- _Your goal_: Among the records that follow, find the line with "Fig. 1 Psychiatric" and the line with "Description of the". Set down those lines and all lines between them exactly, without adding anything.

Extracted records
# # # #

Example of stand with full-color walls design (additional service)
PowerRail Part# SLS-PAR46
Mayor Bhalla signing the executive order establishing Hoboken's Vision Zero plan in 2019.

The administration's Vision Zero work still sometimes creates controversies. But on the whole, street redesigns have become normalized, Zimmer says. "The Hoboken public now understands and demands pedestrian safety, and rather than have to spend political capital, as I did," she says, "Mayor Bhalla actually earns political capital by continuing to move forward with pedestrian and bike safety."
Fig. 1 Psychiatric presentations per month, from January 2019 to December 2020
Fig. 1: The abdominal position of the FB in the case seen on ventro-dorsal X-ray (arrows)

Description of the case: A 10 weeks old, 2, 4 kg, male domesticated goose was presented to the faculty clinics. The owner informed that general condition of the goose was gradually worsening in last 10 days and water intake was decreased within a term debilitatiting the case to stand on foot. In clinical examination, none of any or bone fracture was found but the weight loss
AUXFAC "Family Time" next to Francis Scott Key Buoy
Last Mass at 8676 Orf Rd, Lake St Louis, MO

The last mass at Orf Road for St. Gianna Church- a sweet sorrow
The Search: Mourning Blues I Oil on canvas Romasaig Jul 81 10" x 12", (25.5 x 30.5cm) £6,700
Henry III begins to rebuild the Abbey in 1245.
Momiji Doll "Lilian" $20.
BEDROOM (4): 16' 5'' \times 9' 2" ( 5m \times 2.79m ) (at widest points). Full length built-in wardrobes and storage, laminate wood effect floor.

# # # #

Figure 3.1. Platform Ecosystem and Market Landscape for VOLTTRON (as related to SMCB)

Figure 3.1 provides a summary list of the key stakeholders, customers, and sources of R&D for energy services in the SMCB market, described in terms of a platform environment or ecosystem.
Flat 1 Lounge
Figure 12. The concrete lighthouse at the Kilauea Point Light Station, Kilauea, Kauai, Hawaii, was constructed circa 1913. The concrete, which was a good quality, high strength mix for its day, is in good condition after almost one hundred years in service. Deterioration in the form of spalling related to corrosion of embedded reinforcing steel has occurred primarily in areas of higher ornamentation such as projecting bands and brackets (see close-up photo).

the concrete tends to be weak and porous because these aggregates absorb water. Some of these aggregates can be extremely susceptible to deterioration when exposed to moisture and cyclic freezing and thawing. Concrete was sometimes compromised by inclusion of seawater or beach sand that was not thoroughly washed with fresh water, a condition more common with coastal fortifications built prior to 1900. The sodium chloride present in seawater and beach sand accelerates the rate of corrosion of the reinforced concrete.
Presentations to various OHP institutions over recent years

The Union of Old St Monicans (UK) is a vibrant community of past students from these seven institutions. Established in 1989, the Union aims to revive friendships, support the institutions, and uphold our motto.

# # # #

- _Written response_:
Fig. 1 Psychiatric presentations per month, from January 2019 to December 2020
Fig. 1: The abdominal position of the FB in the case seen on ventro-dorsal X-ray (arrows)

Description of the case: A 10 weeks old, 2, 4 kg, male domesticated goose was presented to the faculty clinics. The owner informed that general condition of the goose was gradually worsening in last 10 days and water intake was decreased within a term debilitatiting the case to stand on foot. In clinical examination, none of any or bone fracture was found but the weight loss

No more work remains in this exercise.